Step 1: Understanding the Concept:
We are presented with a logarithmic equation containing the variable $x$ both inside and outside the log arguments. The strategy is to gather all terms involving $x$ on one side and manipulate them using logarithm rules to consolidate everything into a single logarithmic expression, which can then be converted into a standard algebraic or exponential equation.
Step 2: Key Formula or Approach:
1. Subtraction property of logs: $\log_b m - \log_b n = \log_b(m/n)$.
2. Power property of logs: $n \log_b m = \log_b(m^n)$.
3. Base conversion trick: Recognize that the standalone $x$ can be written as $x \log_{15} 15$.
Step 3: Detailed Explanation:
The given equation is:
\[ x + \log_{15}(5 + 3^x) = x \log_{15} 5 + \log_{15} 24 \]
Group the terms with a solitary $x$ factor together on the left side:
\[ x - x \log_{15} 5 + \log_{15}(5 + 3^x) = \log_{15} 24 \]
Factor out the $x$:
\[ x(1 - \log_{15} 5) + \log_{15}(5 + 3^x) = \log_{15} 24 \]
Since we are working with base 15 logarithms, rewrite $1$ as $\log_{15} 15$:
\[ x(\log_{15} 15 - \log_{15} 5) + \log_{15}(5 + 3^x) = \log_{15} 24 \]
Use the quotient rule for logarithms on the term inside the parentheses:
\[ x(\log_{15} (15/5)) + \log_{15}(5 + 3^x) = \log_{15} 24 \]
\[ x \log_{15} 3 + \log_{15}(5 + 3^x) = \log_{15} 24 \]
Use the power rule for logarithms to move the $x$ inside:
\[ \log_{15} (3^x) + \log_{15}(5 + 3^x) = \log_{15} 24 \]
Now, apply the product rule for logarithms ($\log a + \log b = \log ab$):
\[ \log_{15} [3^x \cdot (5 + 3^x)] = \log_{15} 24 \]
Since the logarithmic function is one-to-one, we can equate the arguments:
\[ 3^x(5 + 3^x) = 24 \]
This is a quadratic equation hidden in exponential form.

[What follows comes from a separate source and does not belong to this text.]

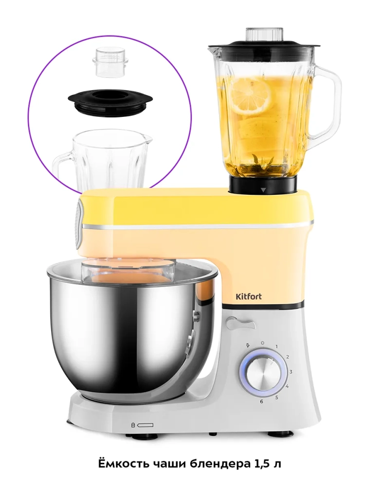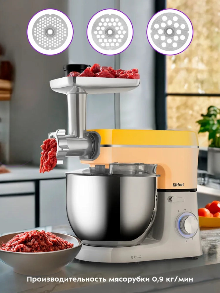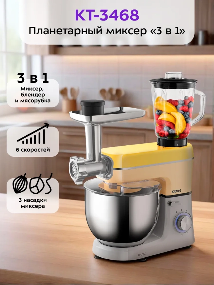 Многофункциональный планетарный миксер Kitfort «3 в 1» КТ-3468 поможет вам смешать ингредиенты, взбить яичный белок или сливки, приготовить картофельное пюре, соус, крем, мусс, замесить жидкое тесто для блинов и крутое — для пельменей и пирогов. Также он может перемолоть мясо на фарш и смешать фруктовые и фитнес-напитки, молочные коктейли, соусы и детское питание. В комплект входят мясорубка и блендер, что превращает эту модель в универсальную кухонную машину «3 в 1».
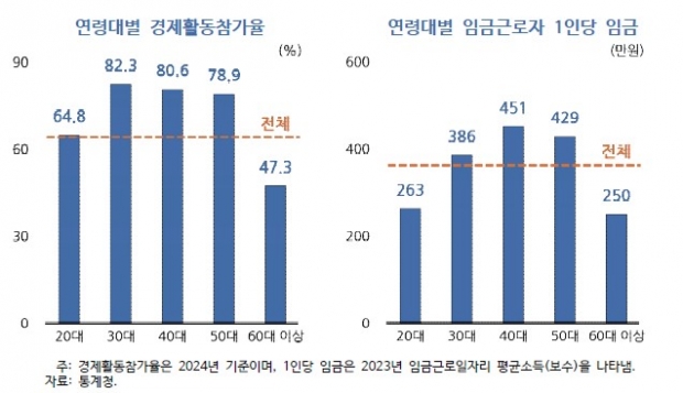 따라서 노동 투입 기여도는 2030년 전후 마이너스로 전환될 것이며, 고령층 증가로 생ㅅ6ᅟᅡᆫ성 자체도 낮아질 것으로 보고서는 분석했다. 실제로 60대 이상 임금 근로자의 평균 보수는 30∼50대보다 현저히 낮고, 경제활동참가율도 절반 수준에 불과하다.

Let's make a substitution: let $y = 3^x$. Note that $y$ must be strictly positive since $3^x>0$ for all real $x$.
\[ y(5 + y) = 24 \]
\[ y^2 + 5y - 24 = 0 \]
Factor the quadratic equation:
\[ (y + 8)(y - 3) = 0 \]
This yields two possible values for $y$: $y = -8$ or $y = 3$.
Since we established $y = 3^x>0$, the solution $y = -8$ is rejected.
So, we have:
\[ y = 3 \implies 3^x = 3^1 \]
Equating exponents:
\[ x = 1 \]
Step 4: Final Answer:
The value of $x$ is 1.